Once the line with "最终,高飞宇同学凭借出色表现" is found, repeat it and all later lines exactly through the end of the listing below, with the pictures left out.

== Dataset content ==
################
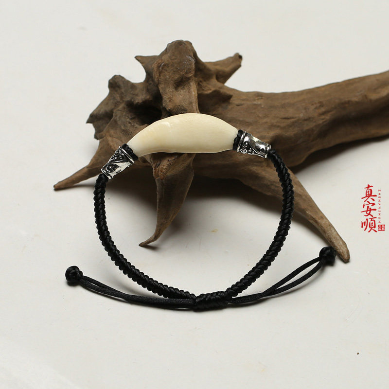 真安顺正宗黑狗牙手链黑色绳金刚结壮胆自信本命年属龙手链民族风
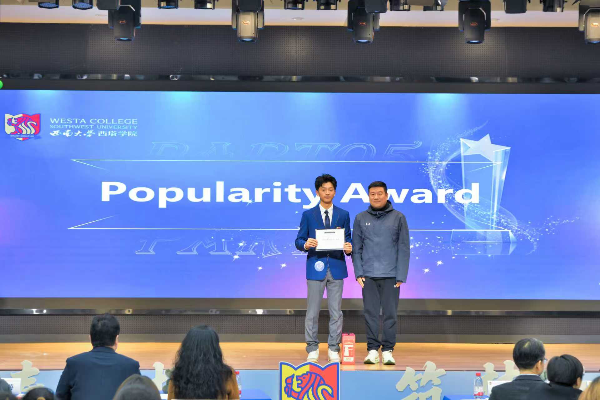 最终,高飞宇同学凭借出色表现脱颖而出,成功摘得“西塔之星”桂冠;胡明洋同学荣获“最佳人气奖”,丁鑫琳同学荣获二等奖;包彦晨、周桐灿同学荣获三等奖;张宁、肖博文、胡明洋、杨熙宇、郭浩林、薛程源同学荣获优秀奖。
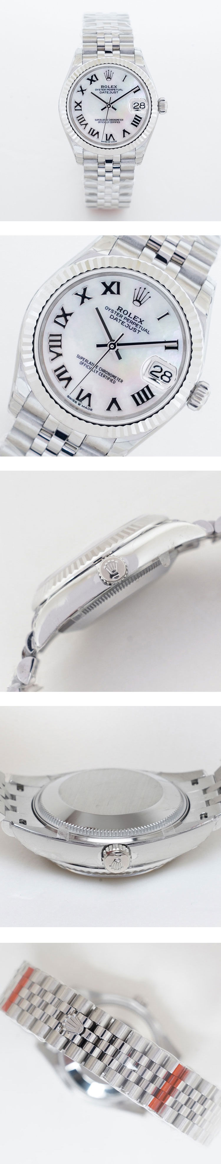 文字盘: ホワイト シェル文字盤、デイト拡大率2.5倍、ROLEX王冠ルーレット刻印ある
################
== Response to this task ==
 最终,高飞宇同学凭借出色表现脱颖而出,成功摘得“西塔之星”桂冠;胡明洋同学荣获“最佳人气奖”,丁鑫琳同学荣获二等奖;包彦晨、周桐灿同学荣获三等奖;张宁、肖博文、胡明洋、杨熙宇、郭浩林、薛程源同学荣获优秀奖。
 文字盘: ホワイト シェル文字盤、デイト拡大率2.5倍、ROLEX王冠ルーレット刻印ある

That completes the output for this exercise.